I have delayed the xen_hvm_init_time_ops() for all VCPUs. Unfortunately,
now I am able to reproduce the clock backward as shown below on some old
versions of xen. I am not able to reproduce on most recent mainline xen.

[    0.359687] pcpu-alloc: [0] 16 17 18 19 20 21 22 23 [0] 24 25 26 27 28 29 30 31
[    0.359694] pcpu-alloc: [0] 32 33 34 35 36 37 38 39 [0] 40 41 42 43 44 45 46 47
[    0.359701] pcpu-alloc: [0] 48 49 50 51 52 53 54 55 [0] 56 57 58 59 60 61 62 63

... clock backward after the clocksource is switched from native to xen...

[    0.000004] Fallback order for Node 0: 0
[    0.002967] Built 1 zonelists, mobility grouping on.  Total pages: 3527744
[    0.007129] Policy zone: Normal
[    0.008937] Kernel command line: BOOT_IMAGE=/boot/vmlinuz-5.17.0-rc4xen-00054-gf71077a4d84b-dirty root=UUID=2a5975ab-a059-4697-9aee-7a53ddfeea21 ro text console=ttyS0,115200n8 console=tty1 earlyprintk=tty    S0,115200n8 loglevel=7 no_timer_check reboot=s32 splash crashkernel=512M-:192M vt.handoff=1
[    0.023880] Unknown kernel command line parameters "text splash BOOT_IMAGE=/boot/vmlinuz-5.17.0-rc4xen-00054-gf71077a4d84b-dirty", will be passed to user space.
[    0.032647] printk: log_buf_len individual max cpu contribution: 4096 bytes
[    0.036828] printk: log_buf_len total cpu_extra contributions: 258048 bytes
[    0.041049] printk: log_buf_len min size: 262144 bytes
[    0.044481] printk: log_buf_len: 524288 bytes


Since now I am able to reproduce the clock backward on old xen version,
please let me know if I should re-use the v2 of this patch, as it has been
running well in our env well for very long time.
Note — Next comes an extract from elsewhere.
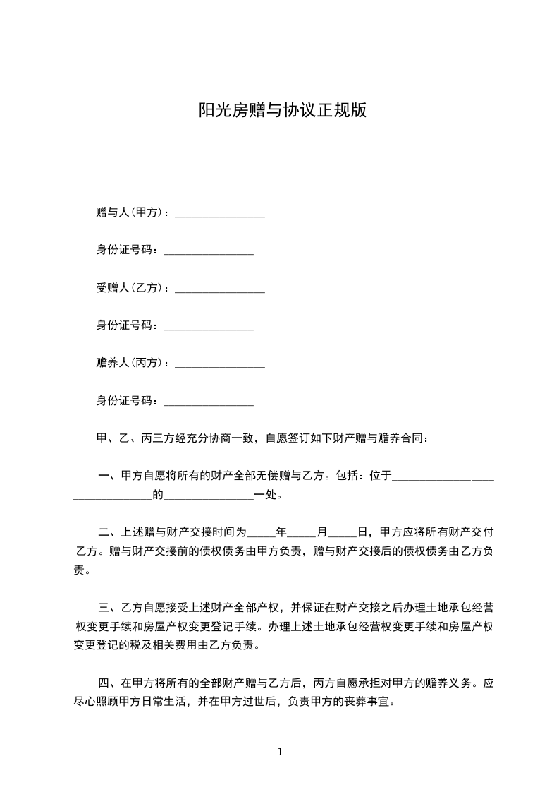 甲、乙、丙三方经充分协商一致,自愿签订如下财产赠与赡养合同:

https://lore.kernel.org/all/20211028012543.8776-1-dongli.zhang@oracle.com/


BTW, I have tested that 'soft_reset' does not work with mainline xen, even
when I directly trigger kexec with below commands.

# kexec -l /boot/vmlinuz-5.17.0-rc4xen-00054-gf71077a4d84b-dirty \
        --initrd=/boot/initrd.img-5.17.0-rc4xen-00054-gf71077a4d84b-dirty \
        --reuse-cmdline
# kexec -e


Thank you very much!

Dongli Zhang

Comments

Boris Ostrovsky Feb. 25, 2022, 10:39 p.m. UTC | #1
On 2/24/22 4:50 PM, Dongli Zhang wrote:
> This is the v3 of the patch to fix xen kexec kernel panic issue when the
> kexec is triggered on VCPU >= 32.
>
> PANIC: early exception 0x0e IP 10:ffffffffa96679b6 error 0 cr2 0x20
> [    0.000000] CPU: 0 PID: 0 Comm: swapper Not tainted 5.17.0-rc4xen-00054-gf71077a4d84b-dirty #1
> [    0.000000] Hardware name: Xen HVM domU, BIOS 4.4.4OVM 12/15/2020
> [    0.000000] RIP: 0010:pvclock_clocksource_read+0x6/0xb0
> ... ...
> [    0.000000] RSP: 0000:ffffffffaae03e10 EFLAGS: 00010082 ORIG_RAX: 0000000000000000
> [    0.000000] RAX: 0000000000000000 RBX: 0000000000010000 RCX: 0000000000000002
> [    0.000000] RDX: 0000000000000003 RSI: ffffffffaac37515 RDI: 0000000000000020
> [    0.000000] RBP: 0000000000011000 R08: 0000000000000000 R09: 0000000000000001
> [    0.000000] R10: ffffffffaae03df8 R11: ffffffffaae03c68 R12: 0000000040000004
> [    0.000000] R13: ffffffffaae03e50 R14: 0000000000000000 R15: 0000000000000000
> [    0.000000] FS:  0000000000000000(0000) GS:ffffffffab588000(0000) knlGS:0000000000000000
> [    0.000000] CS:  0010 DS: 0000 ES: 0000 CR0: 0000000080050033
> [    0.000000] CR2: 0000000000000020 CR3: 00000000ea410000 CR4: 00000000000406a0
> [    0.000000] DR0: 0000000000000000 DR1: 0000000000000000 DR2: 0000000000000000
> [    0.000000] DR3: 0000000000000000 DR6: 00000000fffe0ff0 DR7: 0000000000000400
> [    0.000000] Call Trace:
> [    0.000000]  <TASK>
> [    0.000000]  ? xen_clocksource_read+0x24/0x40


This is done to set xen_sched_clock_offset which I think will not be used for a while, until sched_clock is called (and the other two uses are for suspend/resume)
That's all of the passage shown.